Pediatric Use The safety and effectiveness of Insulin Glargine-yfgn to improve glycemic control in pediatric patients with diabetes mellitus have been established. Use of Insulin Glargine-yfgn for this indication is supported by Insulin Glargine-yfgn's approval as a biosimilar to insulin glargine and evidence from an adequate and well-controlled study (Study D) in 174 insulin glargine-treated pediatric patients aged 6 to 15 years with type 1 diabetes mellitus and from adequate and well-controlled studies of insulin glargine in adults with diabetes mellitus . In the pediatric clinical study, pediatric patients with type 1 diabetes had a higher incidence of severe symptomatic hypoglycemia compared to the adults in studies with type 1 diabetes.

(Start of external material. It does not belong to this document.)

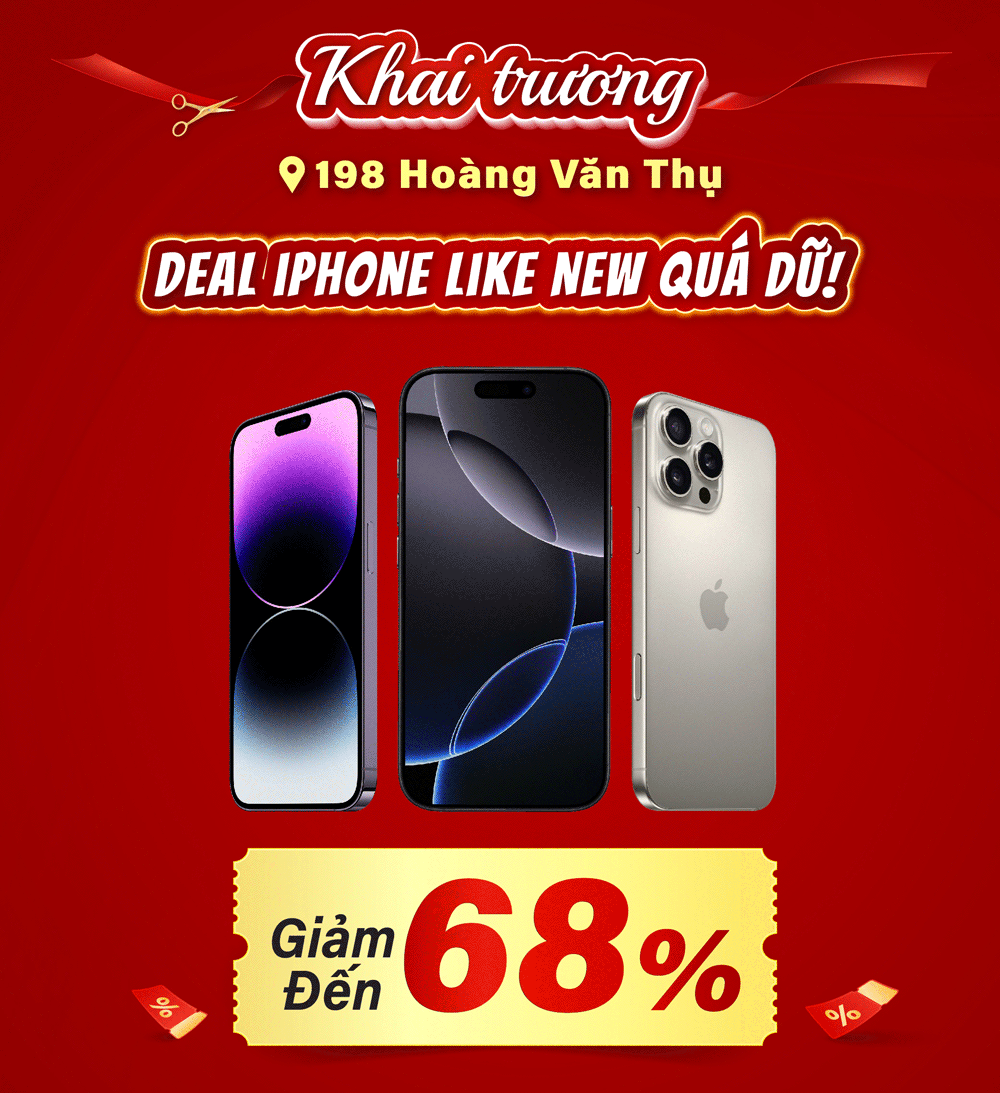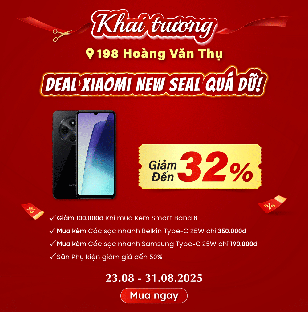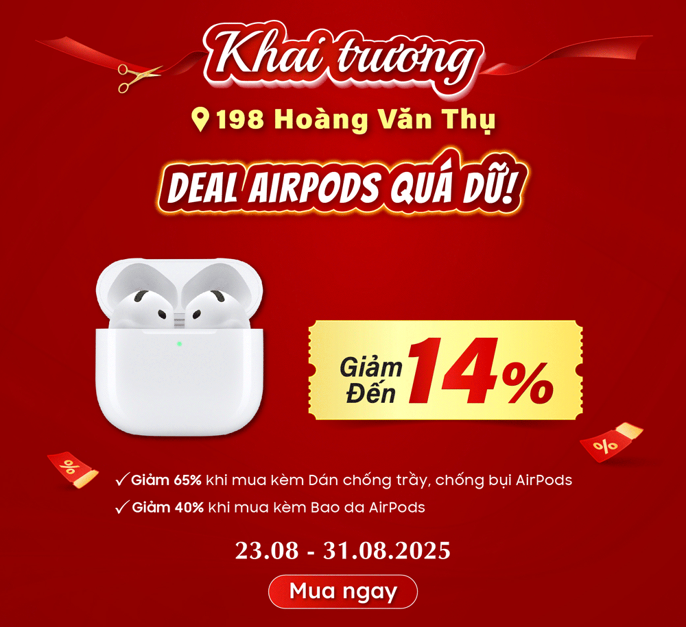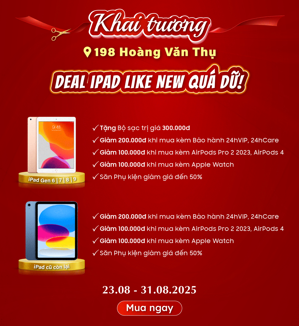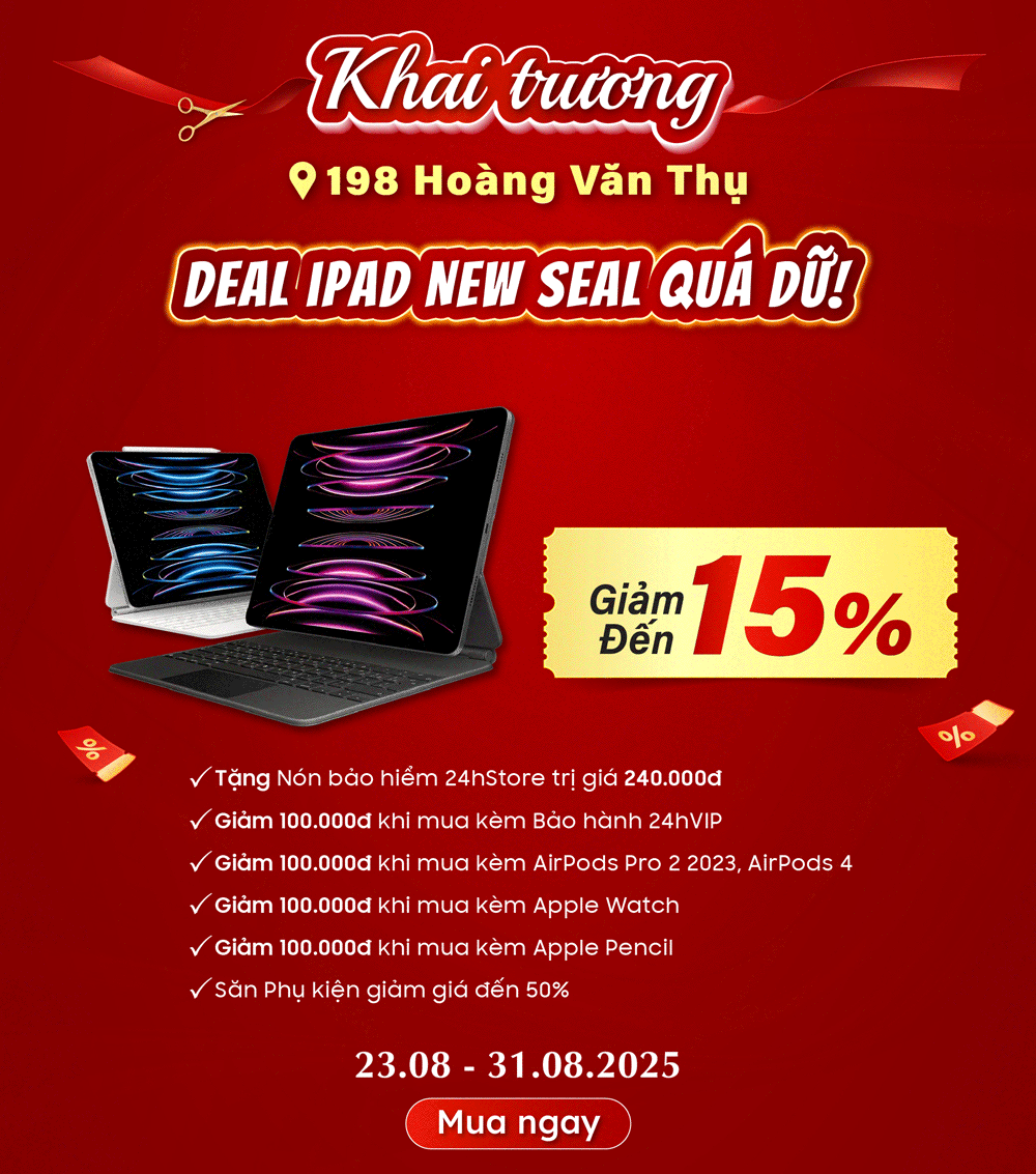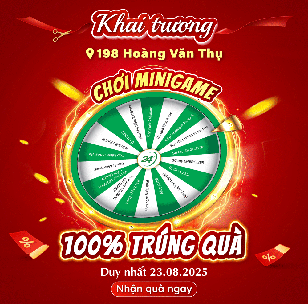23/08/2025, quẩy hết nấc tại 24hStore 198 Hoàng Văn Thụ: Tham quan 100% có quà, săn DEAL giá sốc số lượng có hạn, giảm đến 68% từ AirPods, iPad, MacBook đến smartphone iPhone, Samsung, Xiaomi đình đám, nhận Voucher đến 500.000đ và còn rất rất nhiều những ưu đãi khác! Mời quý khách nhanh chân tham dự buổi Khai trương 24hStore 198 Hoàng Văn Thụ - Tiệc QUÀ quá dữ!

Insulin Glargine-yfgn is contraindicated: During episodes of hypoglycemia. In patients with hypersensitivity to insulin glargine products or any of the excipients in Insulin Glargine-yfgn. During episodes of hypoglycemia Hypersensitivity to insulin glargine products or any excipient in Insulin Glargine-yfgn

Excess insulin administration may cause hypoglycemia and hypokalemia. Mild episodes of hypoglycemia can usually be treated with oral carbohydrates. Lowering the insulin dosage, and adjustments in meal patterns or exercise may be needed.

More severe episodes of hypoglycemia with coma, seizure, or neurologic impairment may be treated with glucagon for emergency use or concentrated intravenous glucose. After apparent clinical recovery from hypoglycemia, continued observation and additional carbohydrate intake may be necessary to avoid recurrence of hypoglycemia. Hypokalemia must be corrected appropriately.